## ASSIGNED TASK
In the records below, find the line with "通常,在Excel中,当我们", then retype it and every following line exactly, stopping after the line with "6月12日,成都一名网名兜兜". Leave the pictures out.

DATA FOR PROCESSING START

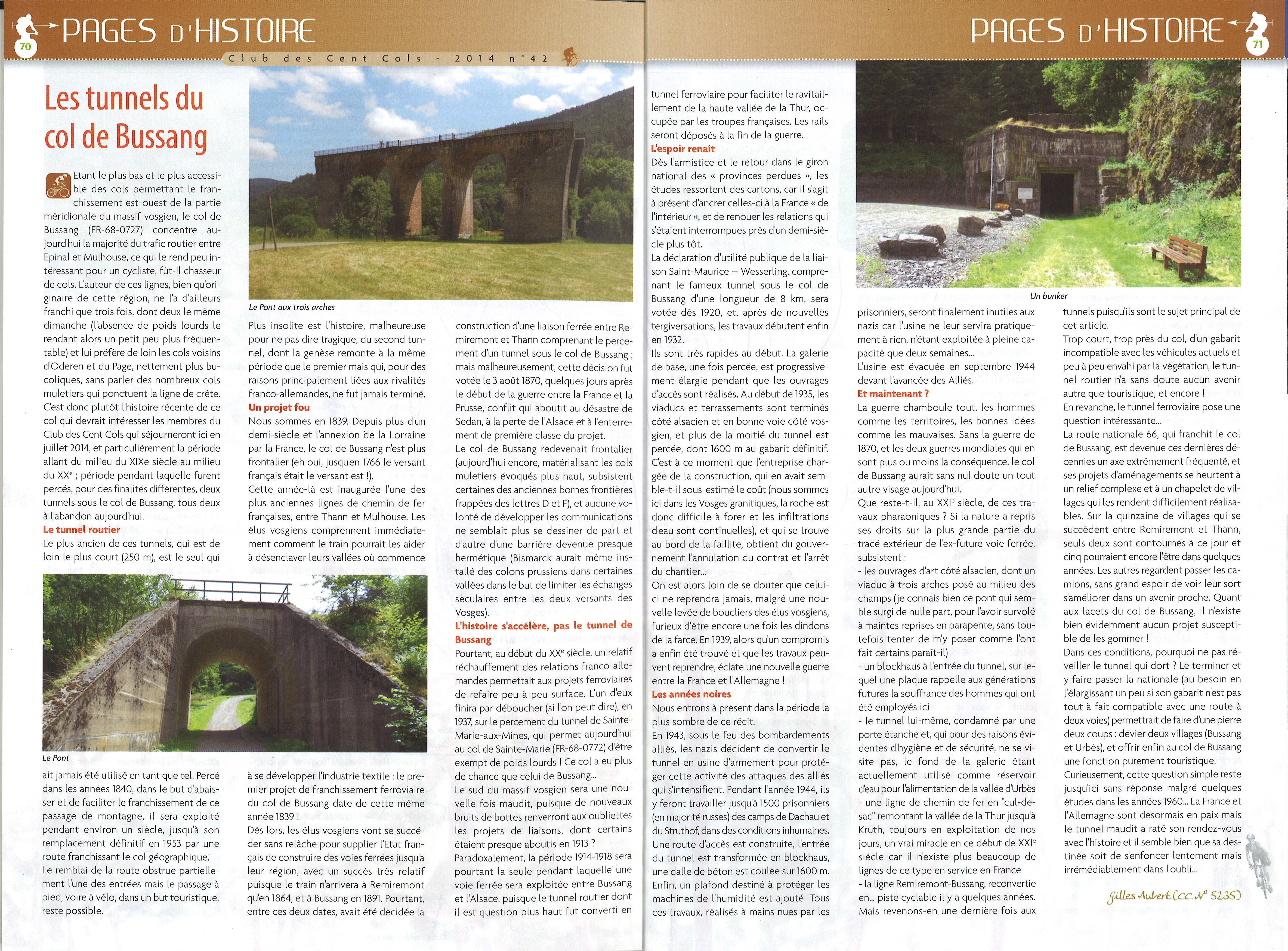 Télécharger l'image jpgArticle sur les tunnels de Bussang paru dans la revue des Cent Cols 2014 ; auteur : Gilles Aubert
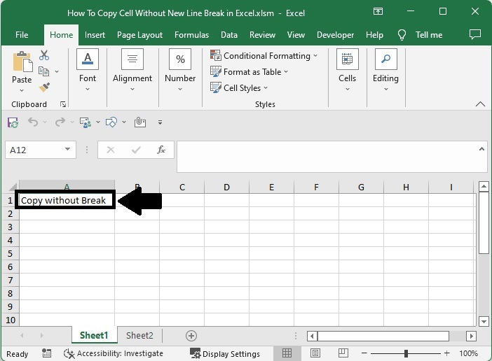 通常,在Excel中,当我们从一个sheet复制数据并尝试将其粘贴到记事本中时,光标会在粘贴数据后移动到下一行。如果您不想将光标移动到下一行,可以将其保持在同一行。我们可以借助VBA应用程序来完成此任务,因为它无法直接在Excel中完成。
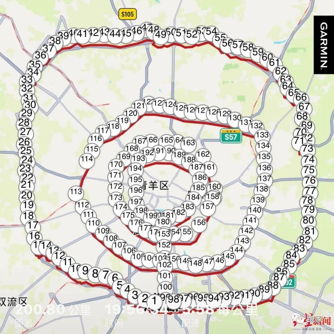 6月12日,成都一名网名兜兜的跑者,耗时20小时,跑了200公里,用脚步串联起了成都的一、二、三环和绕城绿道。
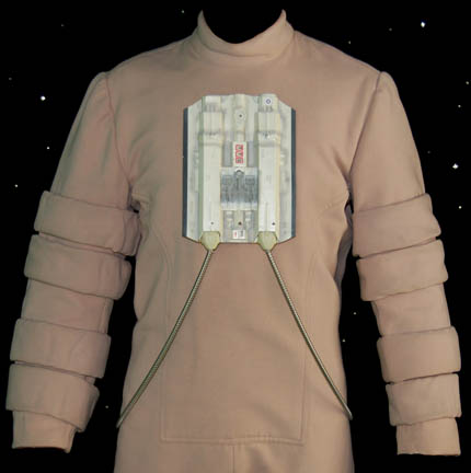 Description: A full length off white uniform jumpsuit featured in Star Trek I: The Motion Picture and appearing in later films like Star Trek III: The Search for Spock. The costume is a jumpsuit with thick bands ribbing the sleeves and legs, with fittings on the chest and back for vacuum formed equipment with molded details to suggest hardware, connected by two lengths of metal wrapped cables on either side. The costume also comes with matching boots.
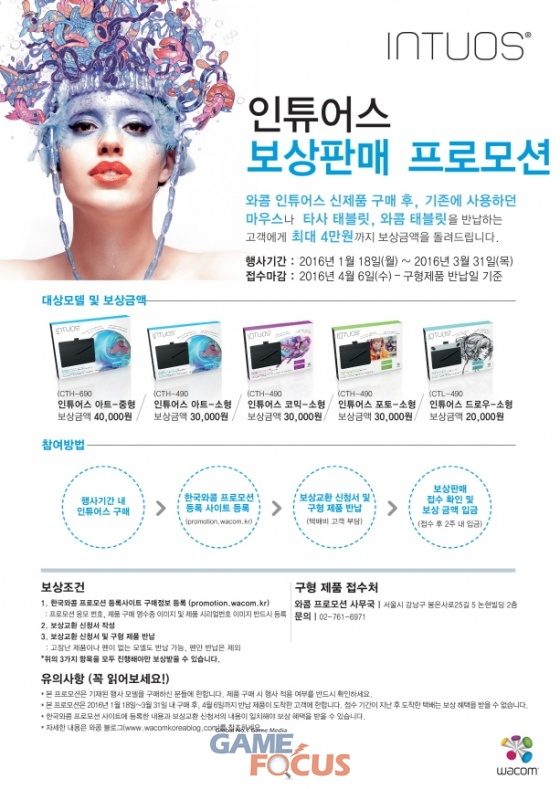 한편, 행사에 대한 보다 자세한 내용은 와콤 블로그( www.wacomkoreablog.com ) 를 통해 확인 가능하며, 보상판매 프로모션 문의사항은 와콤 프로모션 사무국(02-761-6971)에 문의하면 된다.
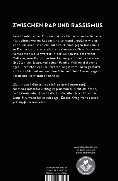 Manuellsen, 1979 geboren in Berlin-Kreuzberg als Sohn einer ghanaischen Aktivistin, gehört seit über einem Jahrzehnt zu den Protagonisten des Deutschrap. Wenn es eine Konstante in seinem Leben gibt, dann den Wandel: schwarzes Adoptivkind in einer weißen Ruhrpott-Familie, Konvertierung zum Islam, Lichtgestalt des Rap, Rockerclub-Anhänger, Balladen-Sänger. Aber vor allem: die lauteste Stimme gegen Rassismus im deutschen Hiphop.
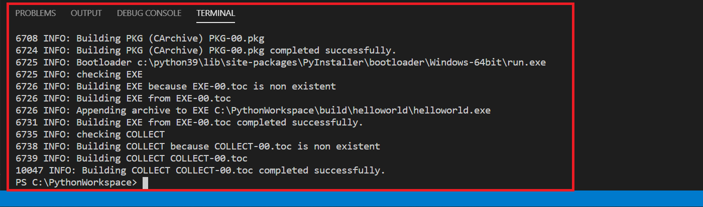 (이때, 'pyinstaller hello'까지 입력하고 키보드의 'Tab'키를 누르면 자동으로 'pyinstaller .\helloworld.py'가 입력된다)
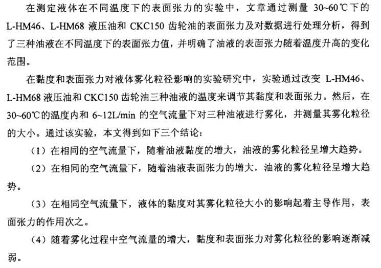 在黏度和表面張力對液體霧化粒徑影響的實(shí)驗(yàn)研究中,實(shí)驗(yàn)通過改變L-HM46、 L-HM68液壓油和CKC150齒輪油三種油液的溫度來調(diào)節(jié)其黏度和表面張力。然后,在30~60℃的溫度內(nèi)和6~12L/min的空氣流量下對三種油液進(jìn)行霧化,并測量其霧化粒徑的大小。通過該實(shí)驗(yàn),本文得到如下三個(gè)結(jié)論:
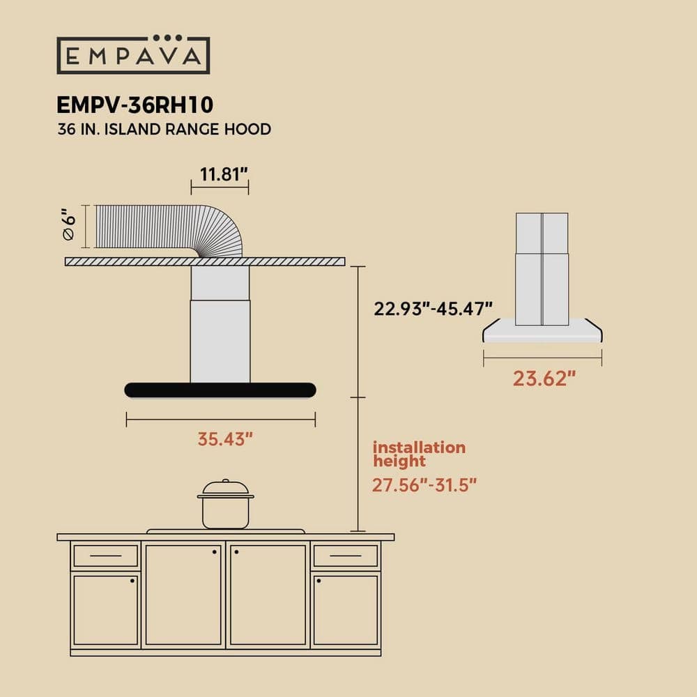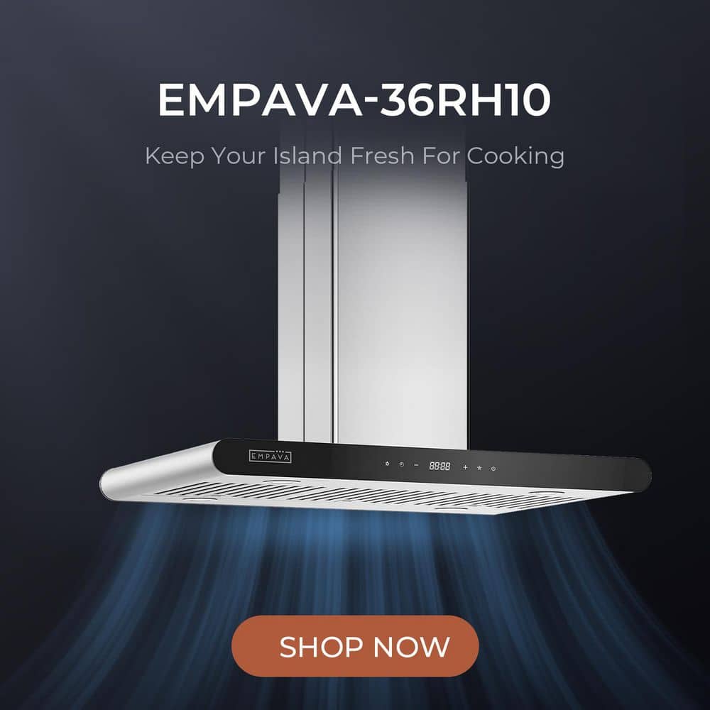 Empava 36 in. Convertible Stainless Steel Island Range Hood 400 CFM Ducted Kitchen Vent in Black, Dishwasher-Safe Filter
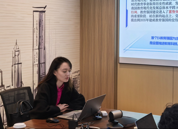 交流伊始,学院辅导员杨珂珂领学《教育强国建设规划纲要(2024年-2035年)》,重点阐述了该纲要的出台背景、主要内容并结合学生工作分享学习心得。
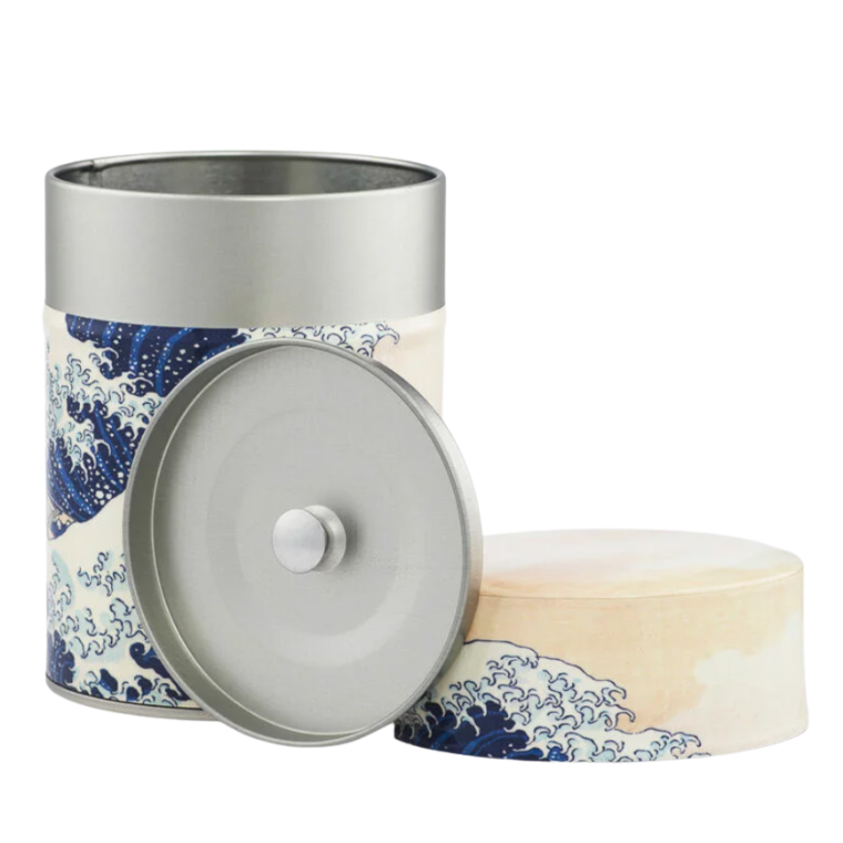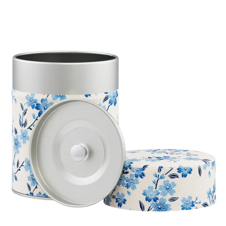 Theeblik Washi Bloemen Blauw met Hoge Deksel
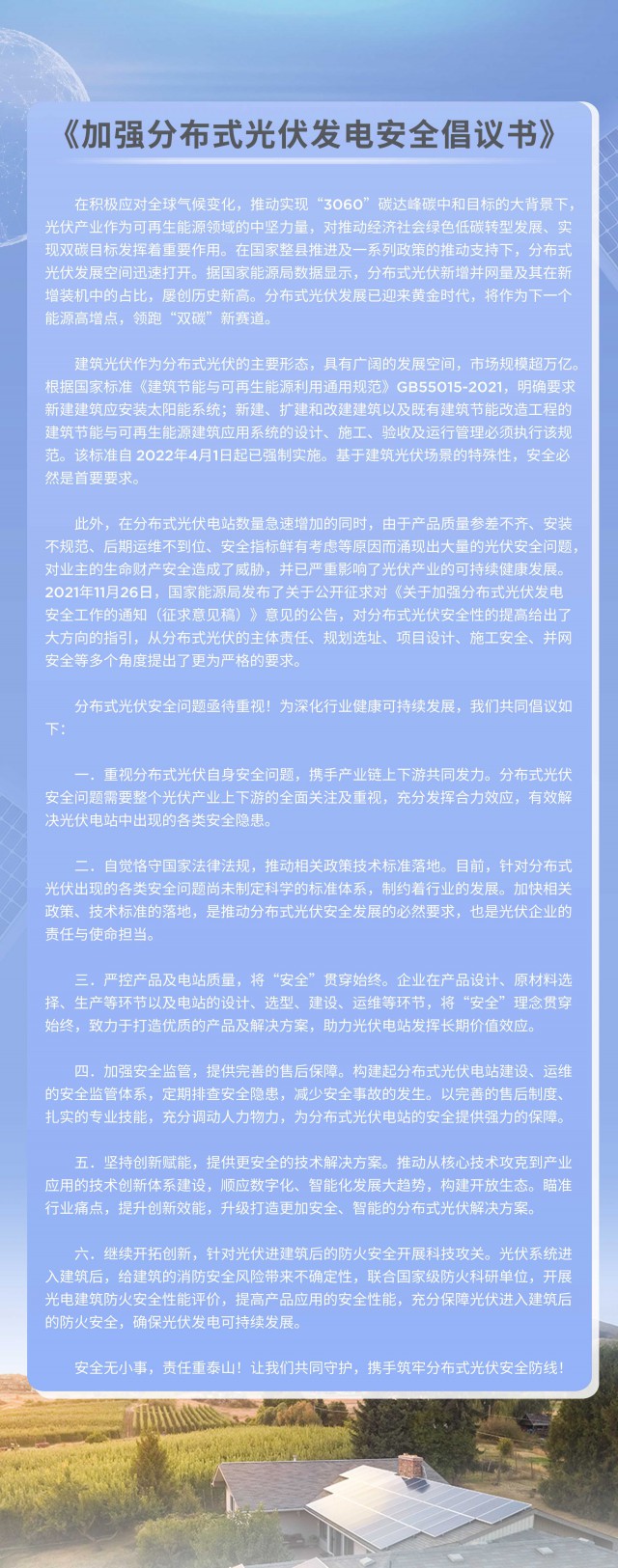 前不久,昱能科技聯(lián)合中國建筑科學研究院防火研究所、華為數(shù)字能源、優(yōu)得運維、固德威、史陶比爾、杭州龍焱、武漢日新等8家單位,共同發(fā)起了行業(yè)首個關(guān)于分布式光伏發(fā)電安全倡議及發(fā)布了《加強分布式光伏發(fā)電安全倡議書》,號召行業(yè)聚焦光伏安全問題。從《倡議書》內(nèi)容看,除了強調(diào)遵守相關(guān)法律法規(guī),重視安全問題以外,還需要光伏企業(yè)在產(chǎn)品設(shè)計、原材料選擇、生產(chǎn)等環(huán)節(jié)以及電站的設(shè)計、選型、建設(shè)、運維等環(huán)節(jié),將“安全”理念貫穿始終,致力于打造優(yōu)質(zhì)的產(chǎn)品及解決方案。
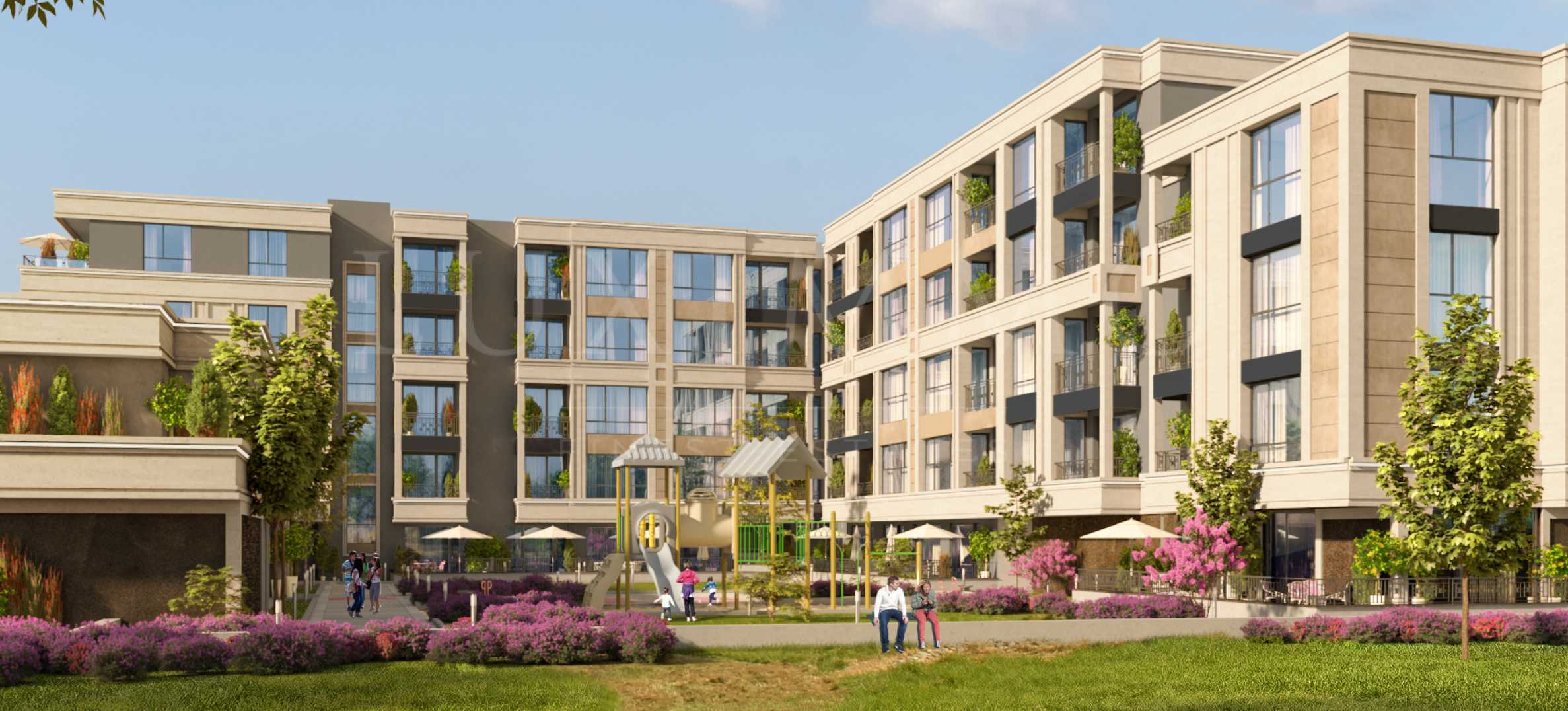 Жилищните секции са ниски с по 4 до 6 апартамента на етаж, на партерните нива апартаментите са със собствен двор/ веранда.

DATA FOR PROCESSING END

## EXERCISE SOLUTION
 通常,在Excel中,当我们从一个sheet复制数据并尝试将其粘贴到记事本中时,光标会在粘贴数据后移动到下一行。如果您不想将光标移动到下一行,可以将其保持在同一行。我们可以借助VBA应用程序来完成此任务,因为它无法直接在Excel中完成。
 6月12日,成都一名网名兜兜的跑者,耗时20小时,跑了200公里,用脚步串联起了成都的一、二、三环和绕城绿道。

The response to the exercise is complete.